Bally things had not yet realized that they were not in the jungle anymore! I am now pretty accurate with my catapult and managed to get the last batch of pebbles to fly about twenty yards, almost, but not quite hitting the target! The only problem here is that this bunch of disturbers of the peace only came out at night to sit on my roof and check out their territory to see what was ready for them to steal, and I was scared to go outside at two in the morning to have a go at them with my catapult.
I have now cleared my Strawberry patch of all the bossies, planted out the new shoots, while the older plants were already forming some flowers. I was adamant that neither the peacocks, nor the snails were going to ruin my crop this year, so I was busily looking for information, and making murderous plans as to how to outwit them! As the Scottish snails, being Scottish, loved their beer, I had drowned a lot of them after falling into the swallow holders I filled with the lovely stuff for them, But South African snails did not fall for that one! Maybe I should give them brandy and coke, as that was the favoured drink of our men! Well, they also drink a lot of beer with their barbeques, and that accounted for the huge tums hanging over their pants! I had tried putting hessian down underneath the plants, and that, according to one knowing person, would stop them as they hated the ruffness of the sack. I can tell in all truth that it did NOT work!
Halfway through the morning I was startled by an anguished human scream coming from the river, followed by the angry neighing of Skramunkel, and knowing how vicious she was towards strangers, I sprinted over to her camp to see what was happening! Almost convulsed when I saw one of the builders flying like an Olympic athlete over the rough field, trying to hold his pants up, with the horse in hot persuit. I was terrified, and ran to open the gate, shouting at the man to go faster, as I could see that Skramunkel was out to hurt him! The man almost flew through the gate, and I closed it quickly, feeling the wind on my face as the horse tried to get in a deadly kick!I was extremely cross with the man, who said that he needed a toilet, and as there was no sign of Skramunkel, they thought that I had moved her to another camp, and that after I had told them to use the toilet in the house. The kids swim in the river, and we did not want it polluted!

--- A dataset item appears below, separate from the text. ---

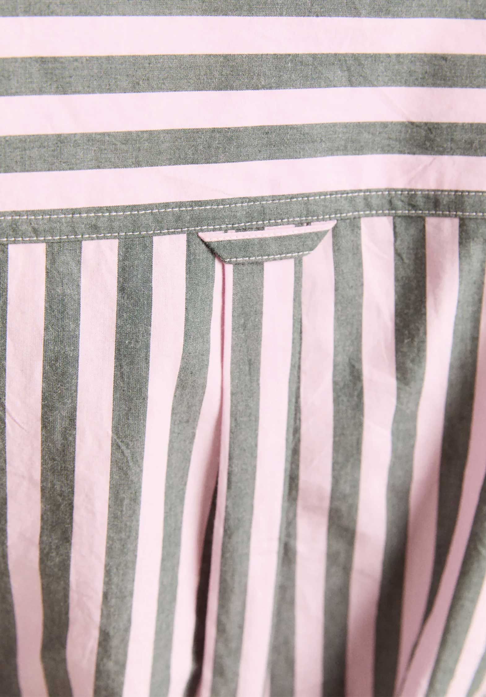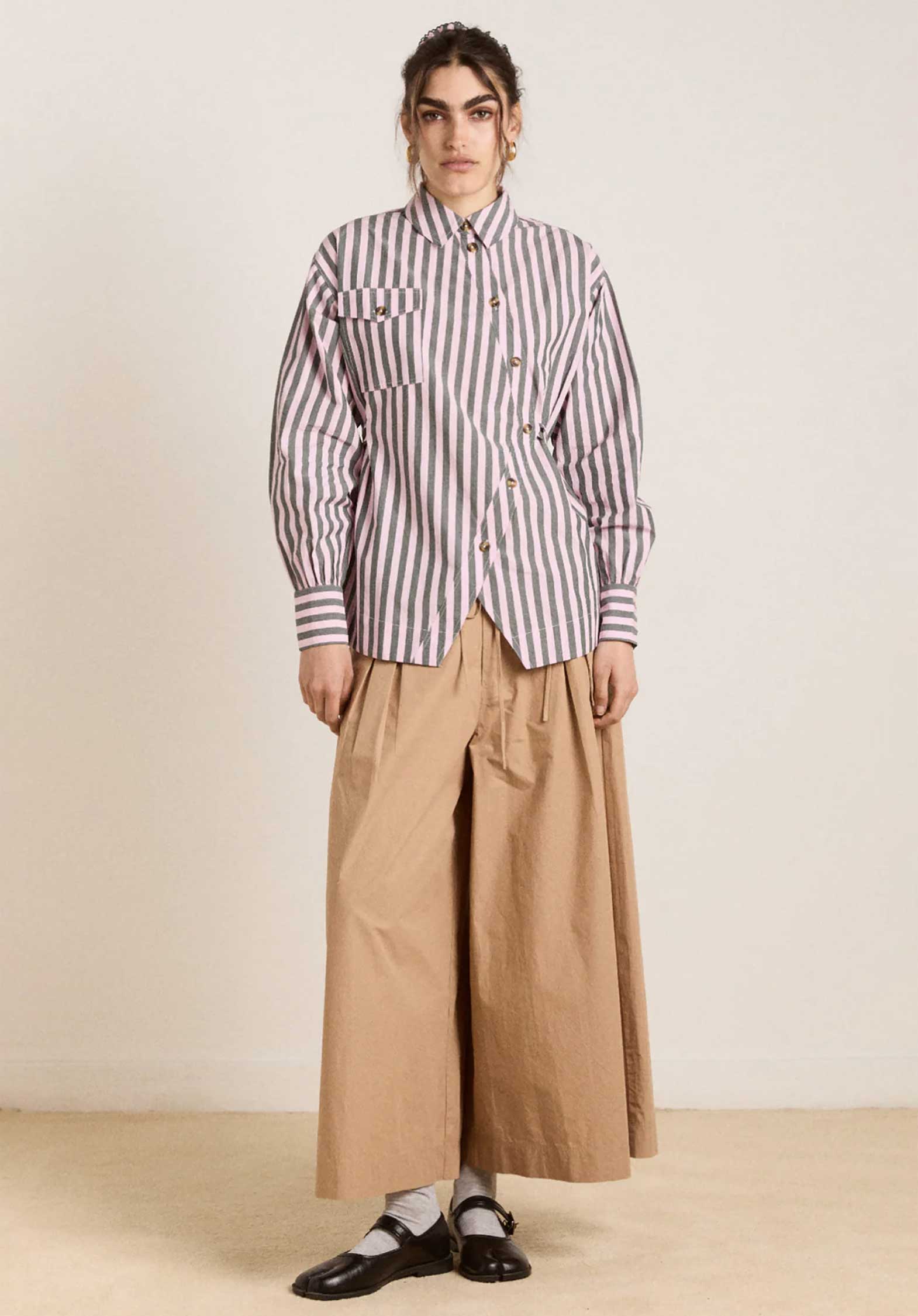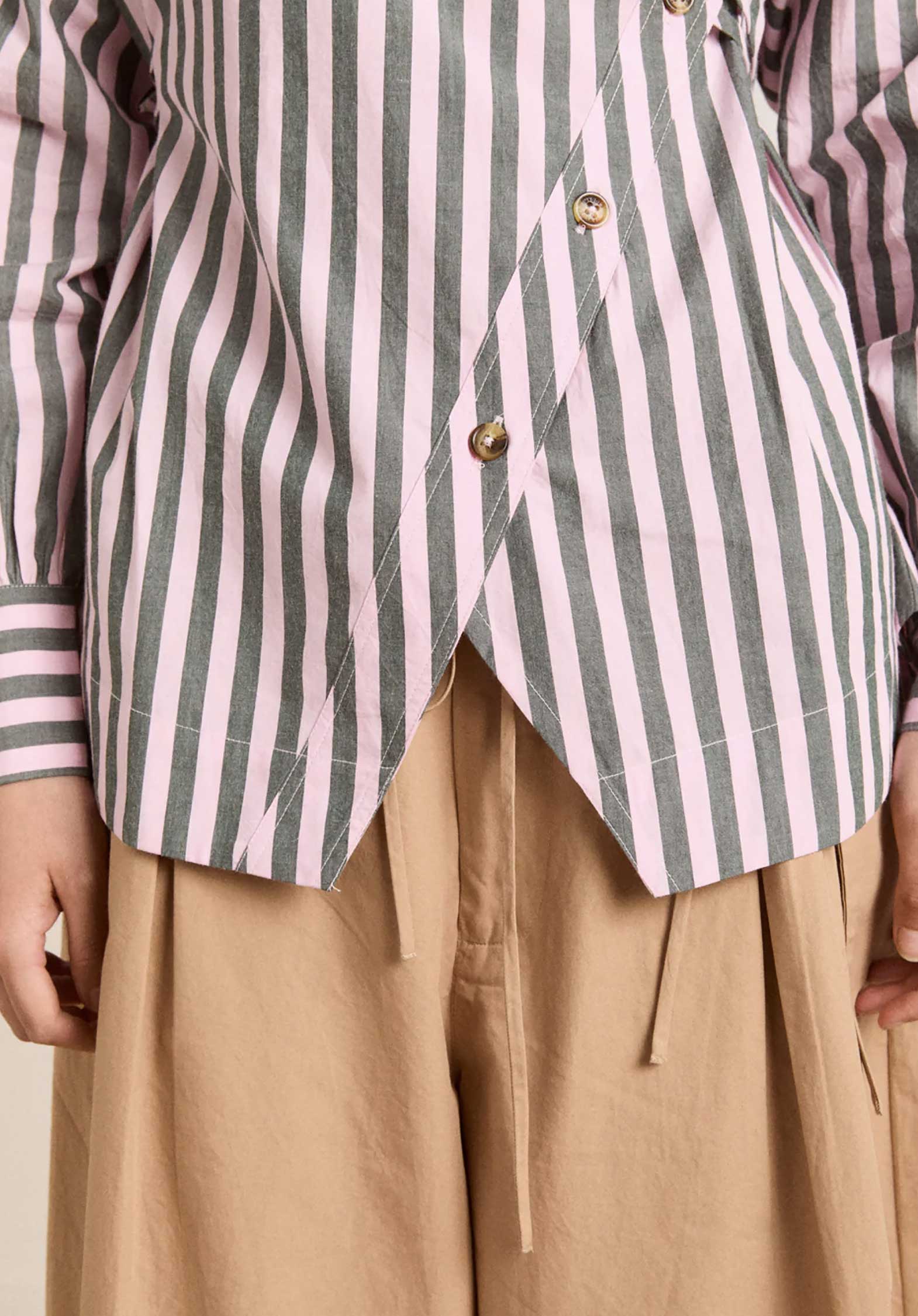 The Lux Shirt in Garden Tulle Stripe is cut from crisp 100% organic cotton and is defined by its dramatic asymmetric button placket.

I remembered when I just bought my place and were outside working, a man just came into our gate and started making his way towards the river. I was quite upset, and on asking him what he was doing on my ground, he said that he needed a toilet. I was not aware of any toilet down that way, but he said, No, they use the river! Wanted to shoot him, as we wondered at the terrible smells that sometimes greeted one down there.
So I told him not to be so bally lazy and dig a deep hole and make himself a longdrop, at which he looked at me as if I was telling him to fly!
Later when the contractor came to pick up his workers, I told him to see that the hole they made in the fence is closed properly every night. Through all this Hendrix kept his distance, I think he was clever enough not to look for trouble with Skramunkel!